Бульдозер утюжит землю, разворачивается, и заметно, как рыжая глина оседает под ним, уплотняется… И вот уже нет ничего, никаких следов, только лощинка небольшая на месте колодца.
Из дому выскакивает Васька Легошин; я вижу, как он подбегает к солдату; кричит, тычет кулаком… Солдат, высунувшись из кабины, устало посмеивается, показывает: «Отойди, отойди!» Дернувшись, бульдозер идет дальше, катит земляную волну, и Васька, матерясь, отбегает в сторону.
А за калиткой стоит Егор и смотрит на всю эту картину.
На днях я спрашивал у него, почему все колодцы пересохли, а ихний, легошинский, действует. И Егор, стараясь не выказывать удовольствия и гордости, объяснил мне, что колодец вырыт еще покойным дедушкой, старик был мастер копать колодцы, и Егор помнит, как дедушка искал воду. В тихий пасмурный денек ставились на землю перевернутые стаканы, под ними собиралась влага, донышки запотевали, покрывались капельками. Где их оказывалось больше — там, стало быть, и находилось самое влажное, самое потное место, и там надо было рыть колодец. Дедушка проверял место снова и снова, учитывал, как здесь весной тает снег, какие деревья растут окрест, в какую сторону протянулось подземное водяное «блюдце». И когда вырыл колодец, вода в нем была самая вкусная, самая чистая, хоть на анализ ее неси. И никогда она не цвела, не задыхалась, и зимой не запечатывалась льдом… И я представляю теперь, как жалко Егору этого колодца.

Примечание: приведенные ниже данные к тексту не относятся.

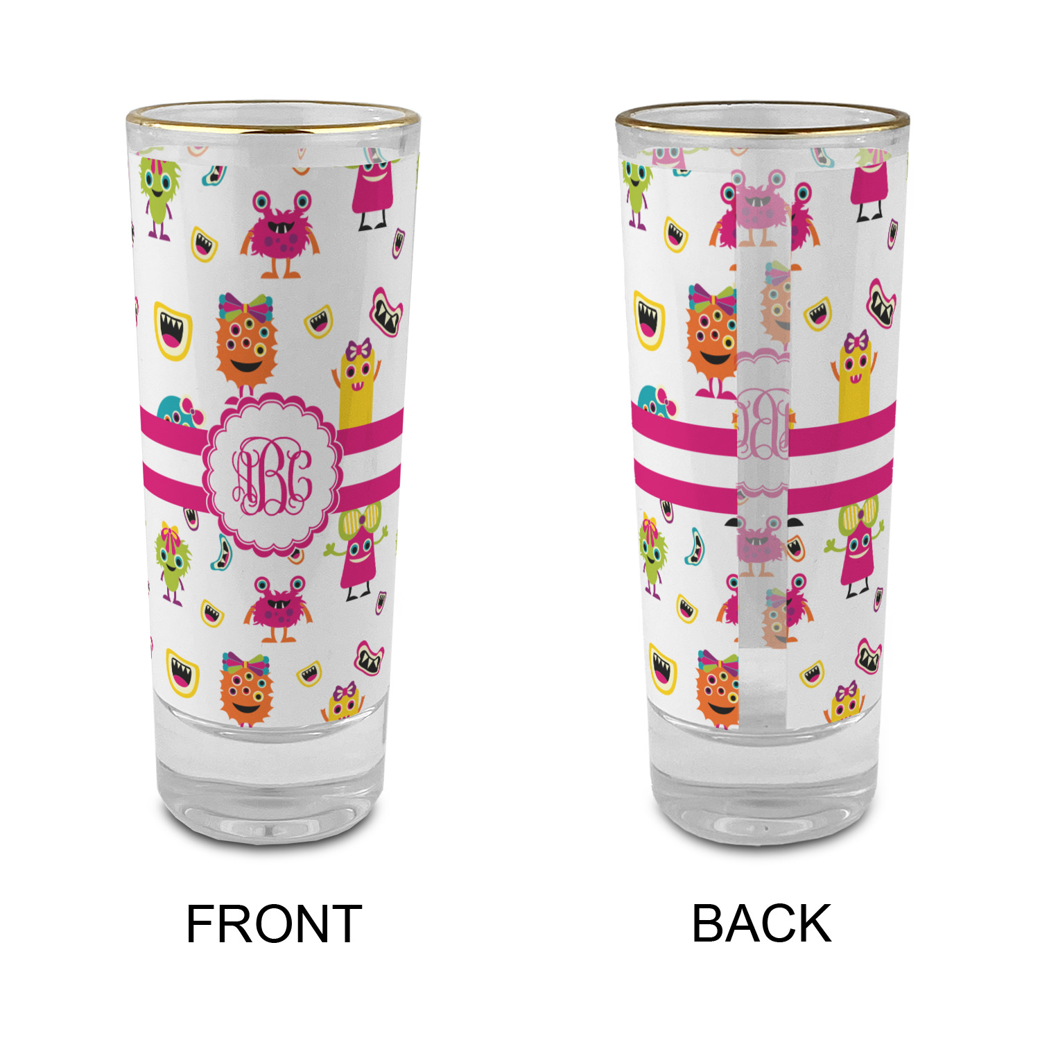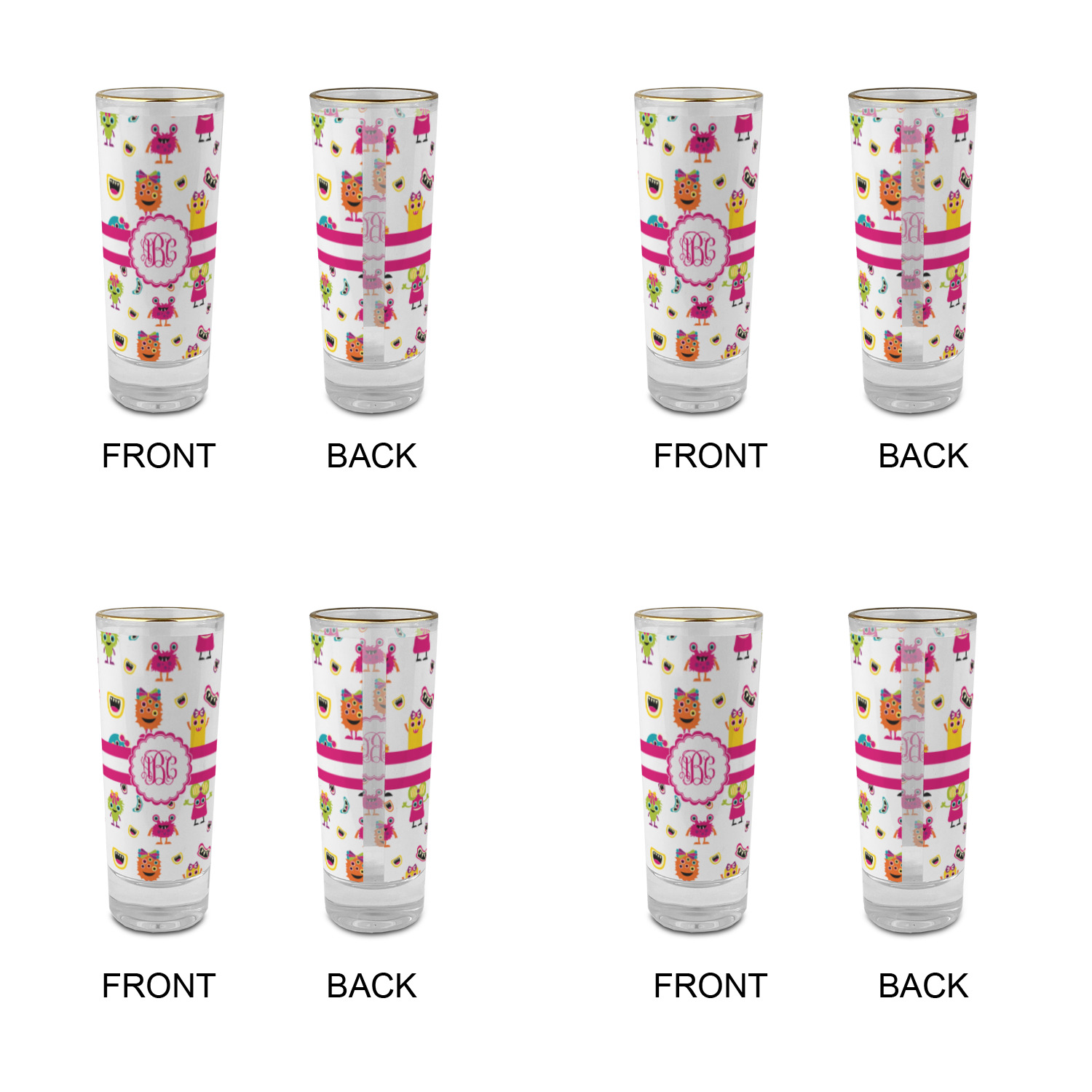 These glass shooter glasses are printed in full color with the design of your choice. These are a tall shooter 2 oz size and stand 4" tall. The print is a full wrap design to boldly display your personalization.

Разъяренный Васька кидается к брату, тащит его на улицу, волоком тащит — Васька глотку готов перегрызть за колодец…
— Не, — хмуро говорит Егор. — Нечего теперь…
И, отряхнув с плеча Васькину руку, идет в дом.
А на другой день готов новый колодец. У солдат в руках современная техника, и незачем искать потные местечки, нечего мудрить. За несколько часов вырыта глубокая яма, оседают, опускаются в нее бетонные шершавые кольца; хрипящая помпа отсасывает из глубины мутную, чайного цвета жижу. Вчерашний солдат стоит у трактора, сушит на выхлопной трубе мокрые рукавицы. А рядом переминается Васька Легошин и, хитро щурясь, подмигивая, внутренне смеясь и ликуя, уговаривает солдата:
— Слышь, начальник, зацепи бульдозером наш заборчик, а? Ну, что тебе — жалко?! Хорошо бы свеженький поставить, из казенных досочек!
Вечером в деревенском клубе кинокартина, а потом танцы. В зрительном зале отодвигают к стенам скамейки, механик запускает радиолу. Танцы разгораются медленно; шипит и постукивает пластинка, словно поезд идет по рельсам, на середине зала пусто, парни вышли покурить, девчонки шепчутся по углам, а на скамейках сидят пожилые бабы, сидят молча, терпеливо, настороженно… И так же молча и терпеливо сидит лысый, хорошо выбритый мужчина лет пятидесяти с двумя книгами под мышкой, в калошах и черном военном галстуке, — бывший депутат местного Совета Забелкин, — он всегда дежурит в клубе по вечерам.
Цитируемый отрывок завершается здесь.